§ **Exercise**
If pictures appear among the lines below, leave them out while you return exactly the lines from the one with "理想情況下,按照電耗4kwh" through the one with "Este es nuestro".

*** Opening Data ***

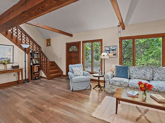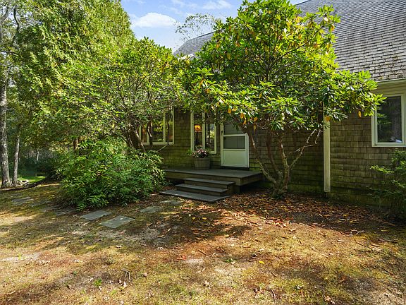 Nestled off Hidden Village Road on 2.1 private wooded acres, this spacious 4-bedroom, 2-bath home offers the perfect blend of peace and convenience--just 1.5 miles from Lambert's Cove Beach and a short distance to Ice House Pond. Inside, enjoy an open-concept layout with cathedral ceilings, skylights, and an abundance of natural light. Sliding doors lead to a sunny, south-facing deck with tranquil woodland views. The main level features a large primary bedroom with an adjoining full bath, while the second floor includes a second spacious bedroom, full bath, and two additional guest bedrooms. Additional highlights include a full basement with finishing potential, outdoor shower, large deck with awning, great yard, and hot tub. Located minutes from Up-Island Cronig's, State Road Restaurant, West Tisbury Post Office, and Conroy's Apothecary.
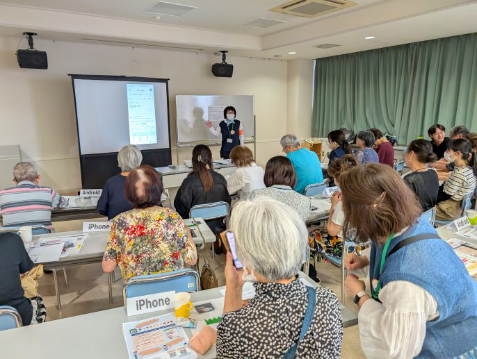 参加者の中心は70代で、80代も多く参加されています。スマホの持つさまざまなサービスがどれだけ生活を豊かにするか、受講とともに多くの方々が実感しているようです。
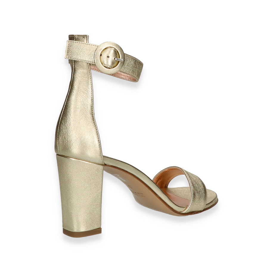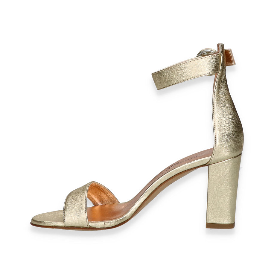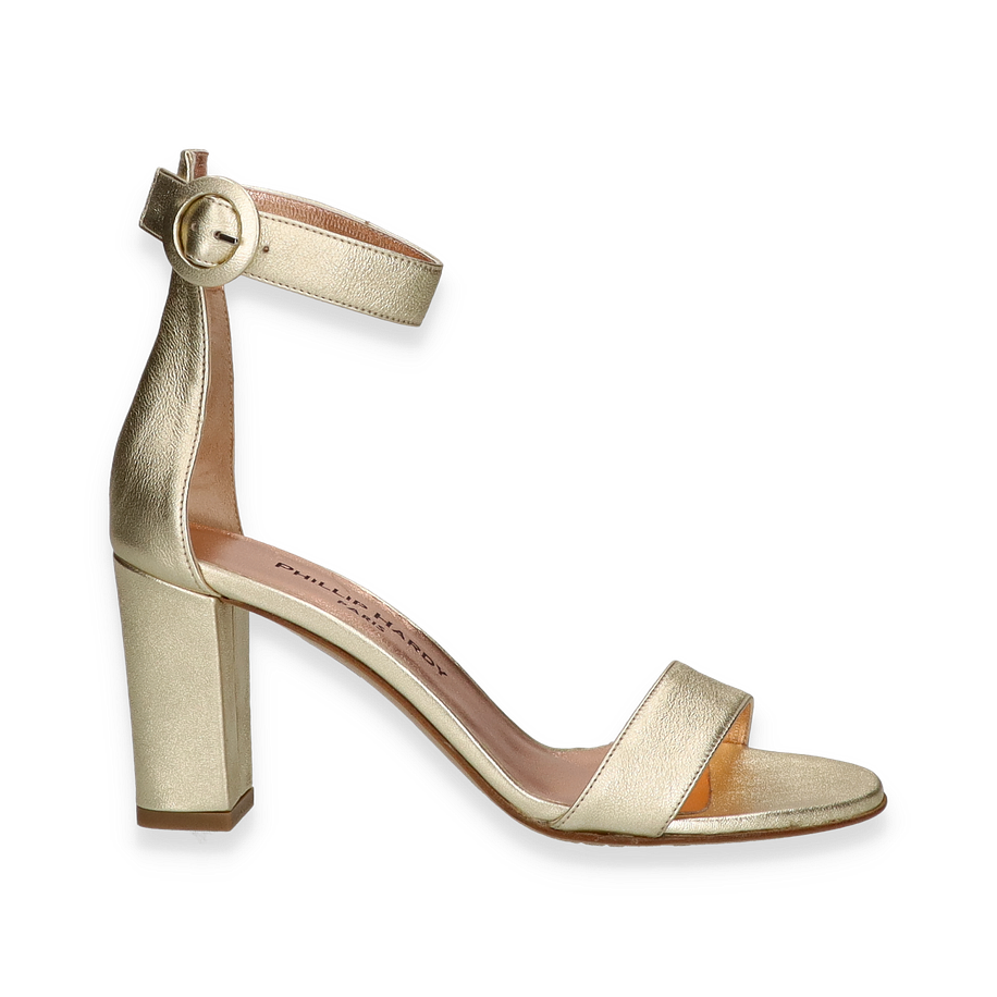 Die Phillip Hardy Sandaletten, Modellname GIANV1, präsentieren sich in einem eleganten Goldton, der jedem Outfit einen Hauch von Luxus verleiht. Der 8 cm hohe Absatz sorgt für eine ansprechende Silhouette und bietet gleichzeitig Stabilität und Komfort. Der zarte Riemen mit einer Schnalle umschließt den Knöchel und verleiht der Sandalette eine feminine Note, während das offene Design die Füße stilvoll in Szene setzt. Diese Sandaletten sind die perfekte Wahl für Damen, die Eleganz und Komfort vereinen möchten.
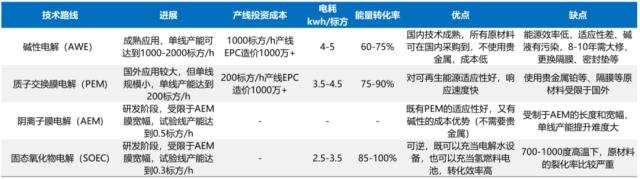 理想情況下,按照電耗4kwh/標方,電價0.15元/kwh,對應成本為15元/kg,則基本可與天然氣制氫平價;若綠氫與風光、風電耦合,年利用小時提高至4000小時以上,則成本有望進一步下降至11元/kg以內(nèi),則基本可以實現(xiàn)與煤制氫平價。
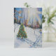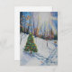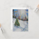 Uma bela árvore de Natal aparada fica no meio da floresta, brilhando num dia de explosão solar do inverno. As neves profundas pegam a luz e apontam as pegadas da alma gentil que entrou na floresta para pendurar luzes e ornamentos nos galhos para fazer uma pequena magia de Natal. Cartão de Natal.
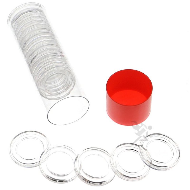 The capsule storage tubes are designed to store Air-Tite Brand coin holders. The plug lid closes inside the tube and does not have an air-flow hole or lubrication. Each tube will hold 20 completely closed coin holders. The tubes do not provide any extra protection for the coins, they are only a storage solution. Capsules are PVC free, archival safe, and are made from an acrylic plastic with a non-yellowing agent. This process results in a product that is hard, crystal clear, and smooth to the touch. Our capsules are securely packaged, un-assembled, within layers of foam to protect them during shipment.
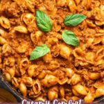 One-Pot Creamy Beef and Shells is a comforting and hearty dish featuring browned ground chuck sautéed with onions and garlic, simmered in a creamy tomato sauce with medium shell pasta. Finished with grated Pecorino Romano and fresh basil, this easy-to-make recipe is perfect for a satisfying weeknight dinner.
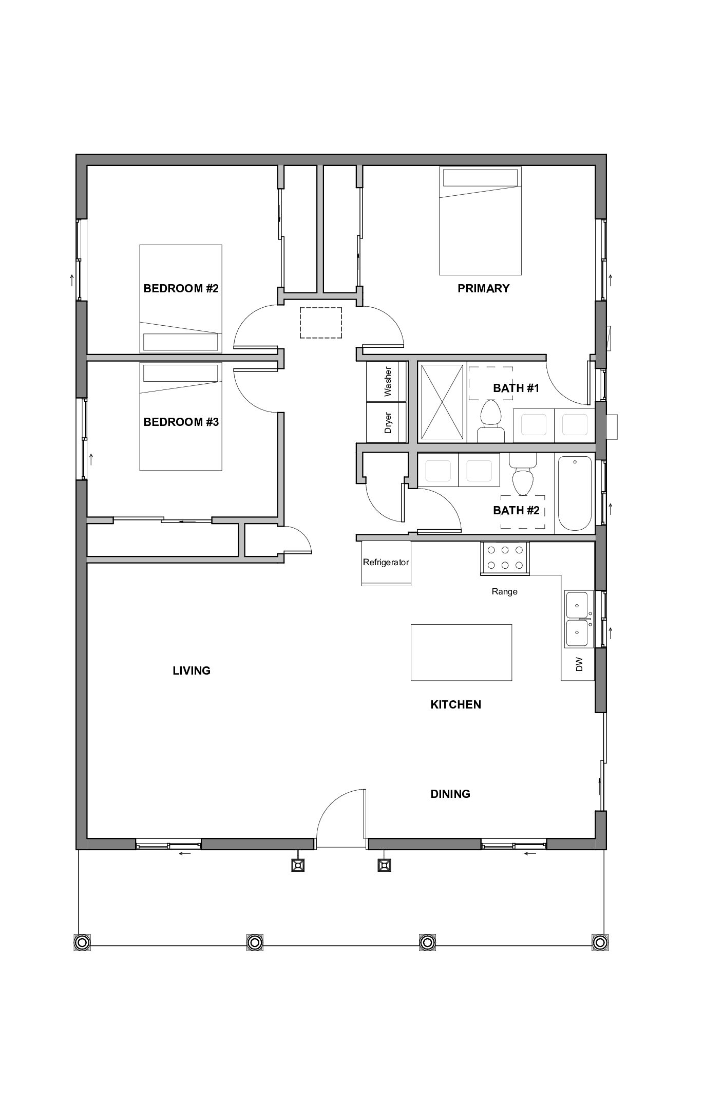 Este es nuestro plano de planta para una casa de tres dormitorios y dos baños.
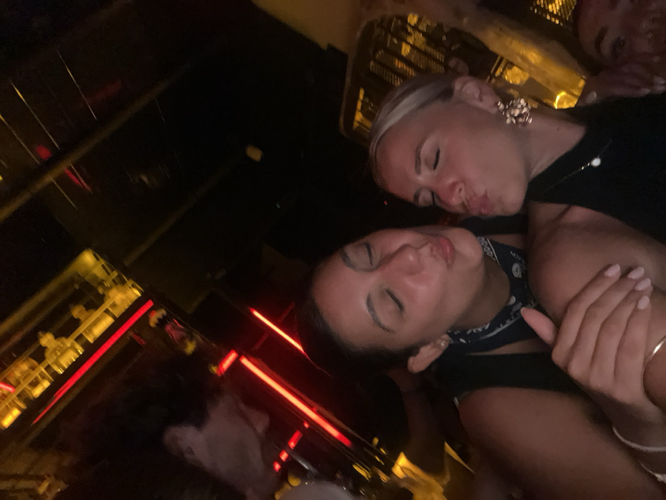 The image depicts a nighttime indoor scene within a nightclub or bar in Uluwatu, Indonesia, characterized by dim ambient lighting and strong artificial illumination. Two adult females occupy the central foreground, posing with their eyes closed and lips puckered in a "kissing" gesture. The woman on the left has dark hair pulled back and wears a dark sleeveless top with a dark, patterned bandana around her neck. Her right hand rests on the left arm of the woman to her right. This second woman has blonde hair, wears a dark sleeveless top, a delicate necklace with a white pendant, and a prominent, intricate gold-toned earring on her right ear. The background is dark, featuring multiple light sources. Two distinct parallel red neon-like strips are visible diagonally on the mid-left. Above and to the right, various structures, possibly part of a bar or decorative elements, are illuminated with warm yellow-orange light, appearing somewhat blurred. In the upper-left quadrant, a blurry figure of a person is partially visible. A fourth individual's face is partially visible, blurred, in the lower-right corner of the frame. The overall composition is a tilted, close-up shot capturing a social interaction.
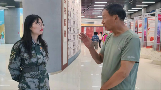 “这是我们新疆生产建设兵团地理位置示意图,根据这个地形图,我给大家解读一下身为兵团人的责任和义务。”实践团来到三五九旅屯垦纪念馆时,银发志愿者讲解员袁炳新正在给上海的游客讲解三五九旅的历史。自2020年3月加入银发志愿讲解员队伍以来,袁炳新老师已默默奉献四年有余,用他的声音和热情,让一段段历史重现生机。

*** Closing Data ***

§ **Answer section**
 理想情況下,按照電耗4kwh/標方,電價0.15元/kwh,對應成本為15元/kg,則基本可與天然氣制氫平價;若綠氫與風光、風電耦合,年利用小時提高至4000小時以上,則成本有望進一步下降至11元/kg以內(nèi),則基本可以實現(xiàn)與煤制氫平價。
 Uma bela árvore de Natal aparada fica no meio da floresta, brilhando num dia de explosão solar do inverno. As neves profundas pegam a luz e apontam as pegadas da alma gentil que entrou na floresta para pendurar luzes e ornamentos nos galhos para fazer uma pequena magia de Natal. Cartão de Natal.
 The capsule storage tubes are designed to store Air-Tite Brand coin holders. The plug lid closes inside the tube and does not have an air-flow hole or lubrication. Each tube will hold 20 completely closed coin holders. The tubes do not provide any extra protection for the coins, they are only a storage solution. Capsules are PVC free, archival safe, and are made from an acrylic plastic with a non-yellowing agent. This process results in a product that is hard, crystal clear, and smooth to the touch. Our capsules are securely packaged, un-assembled, within layers of foam to protect them during shipment.
 One-Pot Creamy Beef and Shells is a comforting and hearty dish featuring browned ground chuck sautéed with onions and garlic, simmered in a creamy tomato sauce with medium shell pasta. Finished with grated Pecorino Romano and fresh basil, this easy-to-make recipe is perfect for a satisfying weeknight dinner.
 Este es nuestro plano de planta para una casa de tres dormitorios y dos baños.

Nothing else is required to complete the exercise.